The task
For the word "features", return each line of the data in which it occurs.

[Opening Recorded data section]

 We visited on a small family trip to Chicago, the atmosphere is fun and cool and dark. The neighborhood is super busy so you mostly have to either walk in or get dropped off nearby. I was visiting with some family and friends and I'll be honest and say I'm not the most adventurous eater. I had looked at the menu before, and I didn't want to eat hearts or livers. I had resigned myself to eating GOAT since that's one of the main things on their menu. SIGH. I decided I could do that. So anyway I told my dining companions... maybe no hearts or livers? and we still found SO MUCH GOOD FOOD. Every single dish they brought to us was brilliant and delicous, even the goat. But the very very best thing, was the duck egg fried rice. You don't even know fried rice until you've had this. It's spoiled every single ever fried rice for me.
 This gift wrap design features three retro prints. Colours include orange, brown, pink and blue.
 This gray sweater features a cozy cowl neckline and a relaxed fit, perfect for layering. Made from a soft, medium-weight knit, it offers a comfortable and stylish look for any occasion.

[Closing Recorded data section]
[Opening Recorded data section]

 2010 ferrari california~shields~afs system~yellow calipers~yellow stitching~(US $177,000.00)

[Closing Recorded data section]

Final answer
 This gift wrap design features three retro prints. Colours include orange, brown, pink and blue.
 This gray sweater features a cozy cowl neckline and a relaxed fit, perfect for layering. Made from a soft, medium-weight knit, it offers a comfortable and stylish look for any occasion.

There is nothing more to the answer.